Мысль вела Илью Матвеевича дальше… Вот была в тысяча девятьсот семнадцатом пущена в великую переплавку человеческая руда, раскалялась она от года к году — и забурлила теперь, заклокотала; варится металл, какого еще свет не видывал.
Илья Матвеевич огляделся с опаской по сторонам — не услыхал ли кто его мыслей: «Прямо сочинение сочиняю». Вспомнил единственную в большой семье дочку Тоню: как писала она зимой сочинение о новых коммунистических чертах советского человека, — тоже складно получалось. А вспомнив Тоню, вновь подумал о Дуняшке и уже не забывал о ней до самого дома.
Нет, не по времени было неожиданным важное семейное событие — совсем в другом смысле. Еще неделю назад старая профессорша в консультации подтвердила свое прежнее предположение о том, что у Дуняшки родится ребеночек некрупный и ко всему прочему — девочка. А взял да и родился мальчишка. Богатырь, как объяснили в больнице. Не только из ружья — будь у Ильи Матвеевича пушка, из пушки бы стал палить с такой радости.
Не радость разве? Всё мальчишки да мальчишки появляются в семье.

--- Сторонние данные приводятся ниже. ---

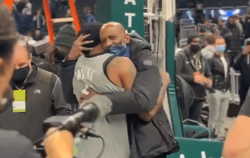 比赛结束之后,篮网赢球功臣、独砍38分的欧文非常开心,他在场边与父亲紧紧相拥庆祝胜利。

Вырастают коренастые, крепкие, хотя и не больно красавцы: в деда идут — лбы большие и глазами злюковатые.
— Да, так-то, Кузьмич! — повторил он, взял Егорова под руку, повел на крыльцо, где, прислонясь к столбу, изрезанному перочинными мальчишечьими ножами, стояла Агафья Карповна и все еще зажимала уши ладонями.
Агафья Карповна рассеянно смотрела поверх людей, куда-то вдаль, за калитку. Ее радость была иной, чем радость Ильи Матвеевича. Илья Матвеевич, узнав о рождении внука, тотчас зарядил централку и устроил еще один праздничный салют — «салют нации», на который сбежались соседи. Агафья Карповна как встала на крыльце, так и простояла безмолвно, защищая уши от ружейного грохота.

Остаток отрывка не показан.